Entre le marteau de l’urgence et l’enclume du « big data », ils se sont mis à bégayer. Ils ont voulu fermer les portes des habitations et garder les frontières ouvertes, soutenir le professeur Raoult et se méfier de lui, que les habitants restent chez eux et aillent voter, qu’ils comprennent l’inutilité des masques et la nécessité d’en porter. Leur monde était trop « surchargé » de détails, de portions des vérités, de volontés de bien faire, de peurs de mal faire, du désir d’être fidèle à certains idéaux ou de s’en tenir éloigné. Par peur d’entreprendre des actions inutiles ou néfastes, ils ont cherché à s’offrir les services de « la » science ». Il ont rassemblé des scientifiques comme on enferme des cardinaux pour voir s’élever la fumée blanche. Ils étaient à la recherche de la synthèse, du consensus, d’une chimérique « vérité » qui aurait éclairci le ciel obscurci par la masse des données, cette masse si semblable au « tas d’ordures » faisant office de mémoire au pauvre Irénée.

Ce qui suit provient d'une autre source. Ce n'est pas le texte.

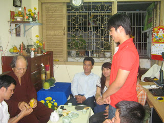 Thay mặt GĐPT bạn Bo đã chúc tết anh Thuần, sau lời chúc tết là một tiệc nước, bánh trái cây và trò chuyện rất vui vẻ của gia đình và đoàn GĐPT, hơn 10h cả đoàn rời nhà anh Thuần và kết thúc ngày chúc tết dành cho gia đình đoàn sinh của GĐPT chùa Bát Nhã.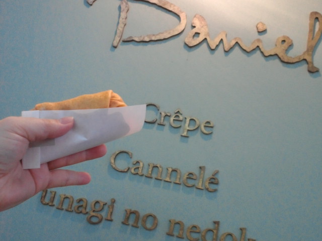 Daniel お店の前に少し行列が出来てて前で食べてる若者もいてみどりさんも何かしら?と言ってたので聞いたら小さなクレープとのこと。並びました♪原宿などにあるようなクレープとは全然違ってクレープで巻いたケーキ…うーん表現が難しいですが今まで食べたクレープのカテゴリーの中ではダントツにワタシは美味しかったです♪ワタシはイチジクにタピオカ入りのクリーム、カスタードは全部に入るみたいです。めちゃウマウマでしたー♪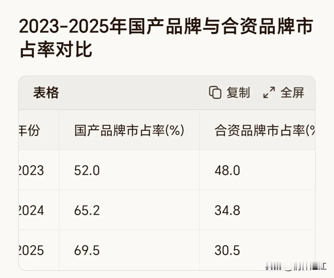 国内汽车市场发生质变,从以前合资品牌汽车三家(德、日、美)分立的形势,到现在国产汽车已经当家作主了,国产品牌汽车总市场份额已经达到70%。这归功于中国新能源汽车产业的良好发展形势。我们发现,年轻人第一辆车的第一选择往往是新能源汽车,而身边的老朋友换车时第一选择往往也是国产品牌新能源汽车。原来还对新能源汽车有顾虑的朋友,他们说叫滴滴打车的时候跟司机交谈,了解到新能源汽车确实好用和省钱,才下定决心换新能源汽车。也有朋友说,如果固态电池成熟后,他们也毫不犹豫的选择购买国产新能源汽车。只要好用和省钱,再有安全保障的条件,国产新能源汽车的前景就是星辰大海了。德日美品牌的燃油车就越来越边缘化了,这个趋势肯定是不可逆转的。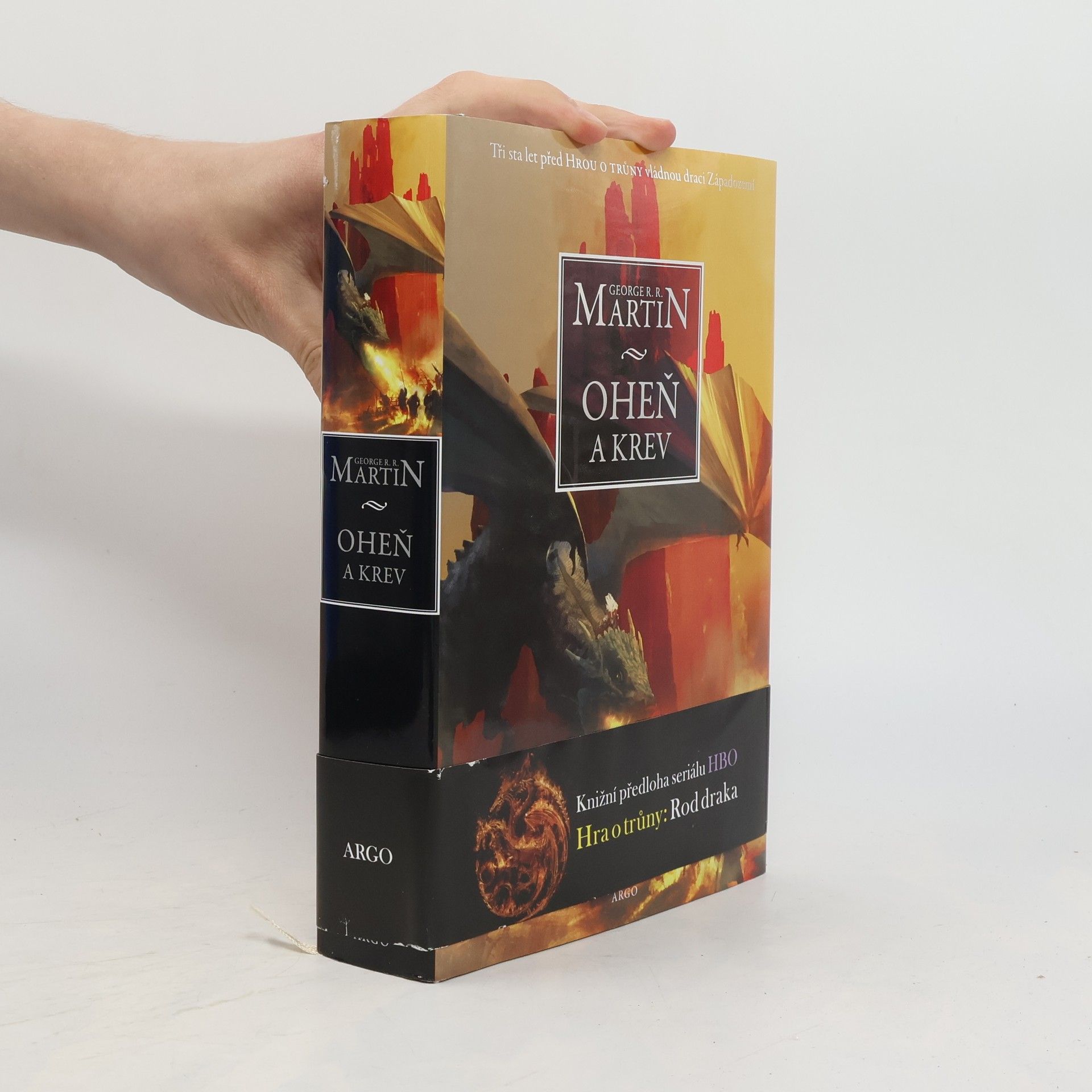 Historie targaryenských králů v Západozemí I. Staletí před událostmi líčenými ve Hře o trůny se rod Targaryenů – ti jediní z dračích pánů, kteří unikli Zkáze Valyrie – usídlil na Dračím kameni. Příběh Ohně a krve začíná u legendárního Aegona Dobyvatele, stvořitele Železného trůnu, a pokračuje přes generace Targaryenů bojujících o tento neblaze proslulý symbol, až po občanskou válku, která jejich dynastii téměř zničila. Co se doopravdy dělo během Tance draků? Proč bylo tak smrtelně nebezpečné vypravit se do Valyrie po Zkáze? Odkud pocházejí dračí vejce, která dostala Daenerys? To je jen několik z mnoha otázek, na něž najdete odpověď v kronice psané učeným mistrem Citadely a doprovázené desítkami ilustrací Douga Wheatleyho. Do tohoto příběhu jsme mohli letmo nahlédnout už v knihách, jako byl Svět ledu a ohně, ale teprve nyní se před námi spletitá historie Targaryenů odhaluje do posledního detailu. Oheň a krev, úvodní svazek dvoudílných dějin rodu Targaryenů, představuje ty nejvyhrocenější podoby hry o trůny a nabízí zcela nový pohled na bouřlivou, často krvavou a vždy fascinující historii Západozemí.

Pour « penser », il faut oublier. La pression des évènements exige de choisir. Choisir un parti et faire un pari. Il ne faut pas avoir recours à « la » science mais à des « praticiens » dont les intuitions se nourrissent de l’expérience. Dans ce genre de situation, l’esprit pratique est le meilleur allié car s’étant forgé à l’épreuve du temps et de la vie, il ne s’en laisse pas conter. Gavés que nous sommes de chiffres et de théorie, c’est de lui dont nous avons besoin. Sans l’esprit pratique, nous resterons pour longtemps tétanisés par les données des tableurs. Nous serons face au monde comme le visiteur au chevet d’Irènée Funes, « engourdi  par la crainte de multiplier les gestes inutiles » car sachant que chacun d’entre eux « demeurerait dans son implacable mémoire ». Il faut détourner le regard de ce jeune homme alité « monumental comme le bronze », le laisser dans sa torpeur, la même que depuis plusieurs semaines déjà, nous aurions dû quitter.